Never asked if he got any, but seems like huge chunk can be snatched from them


----------



## bkarankar (Sep 13, 2011)

alienware said:


> How much discount did u get as a student/
> 
> 
> Also if someone is a relative of central govt. employee and is student will he get more discount?



by friend is in air force and he  got approx 35% discount from canteen 
its not wowowwwwwww


----------



## d6bmg (Sep 13, 2011)

^ are you kidding?


----------



## pratik385 (Sep 13, 2011)

Please check review of xps 15 by mohit, he has clearly mention how to get discounts. 
And only one discount scheme is applicable. 
Ive also got a discount but through bargain around 1-2k + 3CC 8% and also got some freebies. So one can get around 12 % discount.

My config is 
i7 2630
1080p r+gb
4gb
750gb
2gb gt540
backlit
3CC
Freebies: Mcafee 15months + Synergy 2.0 + Dell Laser mouse + HDMi cable
@ 68K


----------



## Ishu Gupta (Sep 13, 2011)

d6bmg said:


> ^ are you kidding?


He's not. Army people get those discounts on nearly everything.


----------



## smartyrohan12 (Sep 13, 2011)

lets all move into army ... ..

btw i heard that warranty is not covered if u buy from army canteen..does ne1 knows nething abt it??


----------



## pratik385 (Sep 14, 2011)

yes army people get discounts, I bought through it only for booze btw


----------



## eagle_y2j (Sep 14, 2011)

smartyrohan12 said:


> lets all move into army ... ..
> 
> btw i heard that warranty is not covered if u buy from army canteen..does ne1 knows nething abt it??

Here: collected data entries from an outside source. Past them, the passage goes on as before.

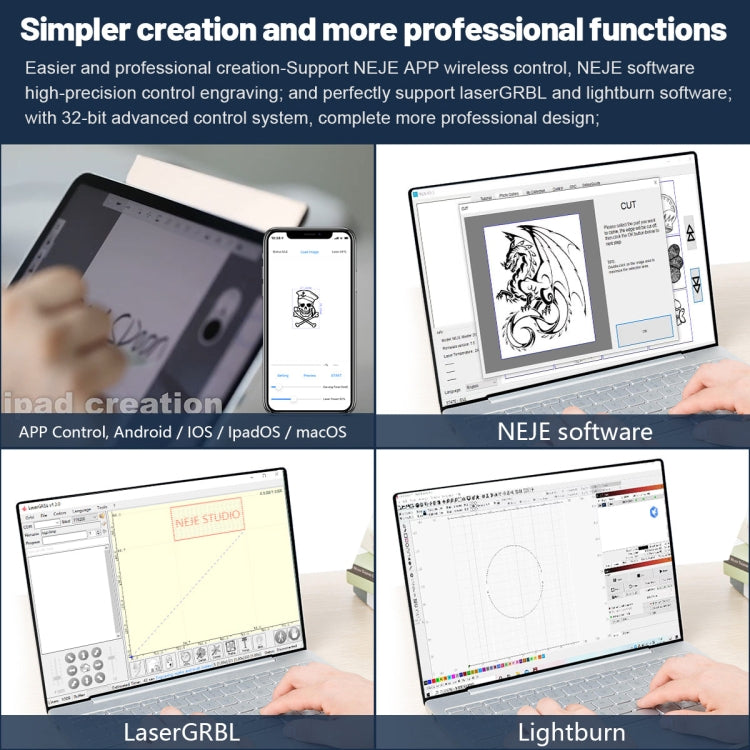 12. New 32-bit 200MHz processor+BLE+MEMS mobile control system, support NEJE Win software, NEJE Android APP, LseerGRBL, Lightburn. Support NEJE OTA software and firmware upgrades, providing users with more surprises and value.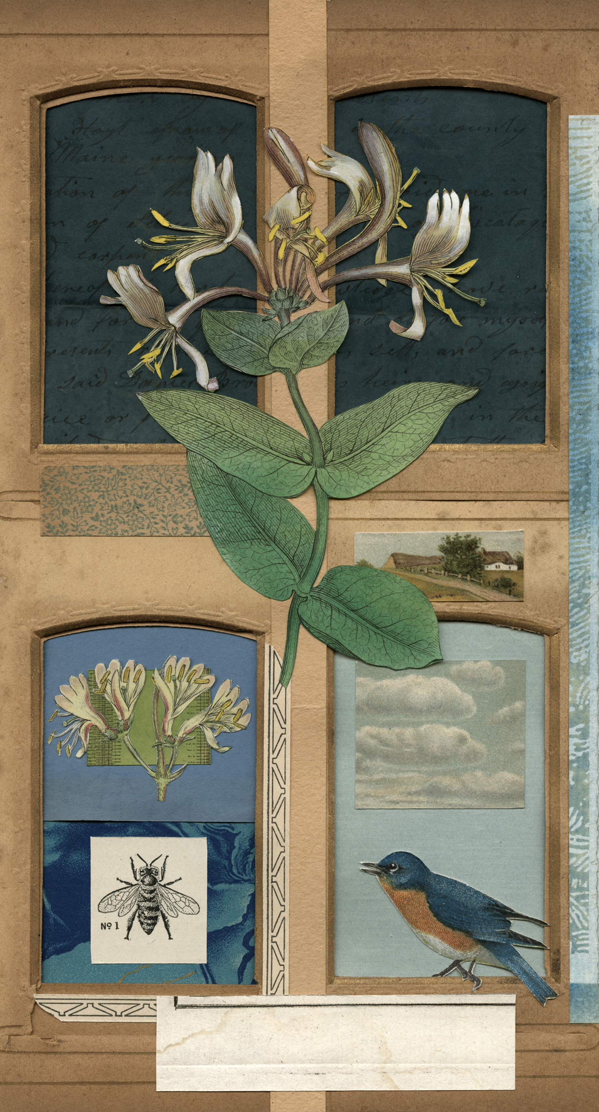 MR: I love the way you used antique photo mounts to provide the borders for the nature collages. They mimic images from an old family photo album, which is a really subtle visual way to convey the human kinship with the natural world. That kinship is one of the most formative experiences of my childhood. Some of my favorite memories are set in the woods around whatever apartment we were living in at the time, or all over Mimi and Granddaddy’s farmland. Is there a story you particularly remember from all the time we spent in the woods as kids?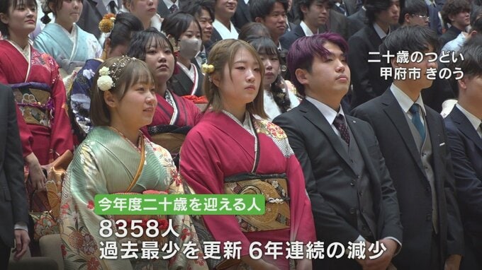 山梨県内で今年度二十歳を迎え成人の日の祝賀行事の対象になる人は8358人で過去最少を更新し、6年連続で減少しました。

Manufacturer warranty is there but u need to preserve CSD Bill as proof of purchase .


----------



## red dragon (Sep 14, 2011)

smartyrohan12 said:


> btw i heard that warranty is not covered if u buy from army canteen.


Firstly you cannot buy from army canteen.
Secondly,what you have heard is wrong.


----------



## smartyrohan12 (Sep 14, 2011)

got ur second statement .. but why cant i buy from army canteen ..?? i thought we were talking abt it..


----------



## eagle_y2j (Sep 14, 2011)

red dragon said:


> Firstly you cannot buy from army canteen.
> Secondly,what you have heard is wrong.



But can u tell reason for this first reaction ??

May b he is eligible !


----------



## montsa007 (Sep 16, 2011)

Dell Employees get 10-30% Discount


----------